In the context of some work on multitask learning, we came to realize that classification is kind of weird. Or at least linear classification. It's not that it's weird in a way that we didn't already know: it's just sort of a law of unexpected consequences.
If we're doing linear (binary) classification, we all know that changing the magnitude of the weight vector doesn't change the predictions. A standard exercise in a machine learning class might be to show that if your data is linearly separable, then for some models (for instance, unregularized models), the best solution is usually an infinite norm weight vector that's pointing in the right direction.
This is definitely not true of (linear) regression. Taking a good (or even perfect) linear regressor and blowing up the weights by some constant will kill your performance. By adding a regularizer, what you're basically doing is just saying how big you want that norm to be.

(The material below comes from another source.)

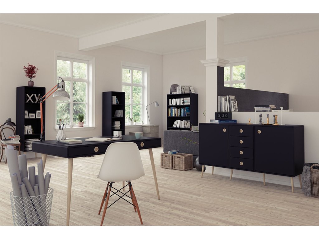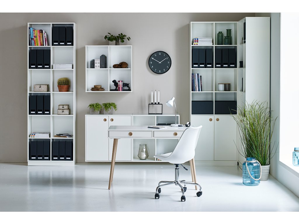 Stůl ve skandinávském stylu je krásný kus nábytku, který je k dispozici ve třech barvách, bílé, černé a šedé, s nohami a úchytkami z masivního dubového dřeva. Stůl má 2 zásuvky, do kterých se vejdou notebooky, psací potřeby nebo i malý počítač.
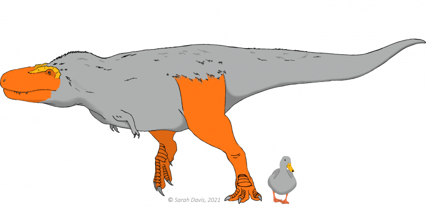 An artist’s interpretation compares areas of bright color on a modern duck to where they might have appeared on an extinct Tyrannosaurs Rex.

Of course, by regression I simply mean minimizing something like squared error and by classification I mean something like 0/1 loss or hinge loss or logistic loss or whatever.
I think this is stuff that we all know.
Where this can bite you in unexpected ways is the following. In lots of problems, like domain adaptation and multitask learning, you end up making assumptions roughly of the form "my weight vector for domain A should look like my weight vector for domain B" where "look like" is really the place where you get to be creative and define things how you feel best.
This is all well and good in the regression setting. A magnitude 5 weight in regression means a magnitude 5 weight in regression. But not so in classification. Since you can arbitrarily scale your weight vectors and still get the same decision boundaries, a magnitude 5 weight kind of means nothing. Or at least it means something that has to do more with the difficulty of the problem and how you chose to set your regularization parameter, rather than something to do with the task itself.
Perhaps we should be looking for definitions of "look like" that are insensitive to things like magnitude. Sure you can always normalize all your weight vectors to unit norm before you co-regularize them, but that loses information as well.
Perhaps this is a partial explanation of some negative transfer. One thing that you see, when looking at the literature in DA and MTL, is that all the tasks are typically of about the same difficulty. My expectation is that if you have two tasks that are highly related, but one is way harder than the other, is going to lead to negative transfer. Why? Because the easy task will get low norm weights, and the hard task will get high norm weights. The high norm weights will pull the low norm weights toward them too much, leading to worse performance on the "easy" task. In a sense, we actually want the opposite to happen: if you have a really hard task, it shouldn't screw up everyone else that's easy! (Yes, I know that being Bayesian might help here since you'd get a lot of uncertainty around those high norm weight vectors!)